These are my notes from this panel, which took place March 14. I’m moving at web speed, I know.

Themes of web application design

Eric: moveon.org, interactive town hall meeting. 50,000 online simultaneously. Tools to interact with people talking on a panel. Try to take what they do commercially and using it in an exploratory manner, and then bringing that back into the client work.

Cabspotting: taxi cab data visualization in SF. Will go online in about two weeks. Project for the Exploratorium, children’s museum, in SF.

Mena: six apart, an interaction based on multiple products. Goal to get the next 100,000 million people blogging (that’s a small number, she says). APIs helping to get them there. Splashblog acquired by Six Apart. Back and forth is crucial to getting the next generation online.

Flickr: we’re never going to put a manifesto online saying what Flickr is. Rather than telling people what to do, give them a sense of location, and their options. Not telling people what they should be doing, but how to do them. Will be redesigning the Organizr.

Williams: Odeo. Do a lot of Flash on the site, but only where necessary. Trying to bring more audio online. Interesting challenge. People like to see things when they’re looking on the screen. Trying to figure out how to make recording voice on the web and emailing it to people work. See themselves as an audio company, not a podcasting company.

Veen: MeasureMap. Focus and find value in their blog. Boiling heuristics down to what’s important. What effect am I having on the outside world. People want it to work just like magic, without knowing what technology they’re using.

Iteration: developed MM as a designer. Started by designing it, and then figured out how to build it. Worked really fast, and made multiple releases per week. David hornick.

Mena: big problems came about when you have to communicate with a team. Six apart is 125 people. 60 percent engineers. Broken into smaller teams. You have to get people who are working on it to use it. Brad will push something at 2 o’clock in the morning after drinking (q) Live journal.

Oates: developers could publish changes whenever they wanted.

Eric: When you’re designing something that is new, you don’t necessarily know what the end state will be.

Oates: instant feedback was extremely valuable.

We’re going to iterate on this set us things, and stay focused.

Veen: Building applications with the assumption that users will create their own experience.

Inefficiencies are being taken up by applications that assume participation: craigslist.

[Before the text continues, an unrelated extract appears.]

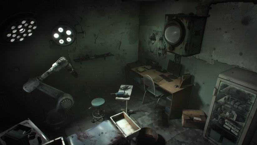 地下室诊所布满锈迹斑斑的铁链、闪烁不定的灯光及污浊的水渍,墙壁附着不明生物黏液,强化视觉压抑感。

Interestingness is a very tricky, and highly secret algorithm. Flickr.

Designing for flow, instead of a static experience. Not top down. See how people are using something. User generated content means that design becomes just a container (quote from somewhere).

Chicagocrime.org (participatory journalism)

Mena: as a designer, will put real content in. as filler, it does not have the same effect.

Oates: showing people what the options are, instead of being prescriptive.

What would a water bottle be without the container. Mena.

Although, you don’t want to pull the rug out from people. Not a big fan of redesigning from scratch.

Need to be careful when iterating quickly. Can get out of control. Need to know where you’re going to end up.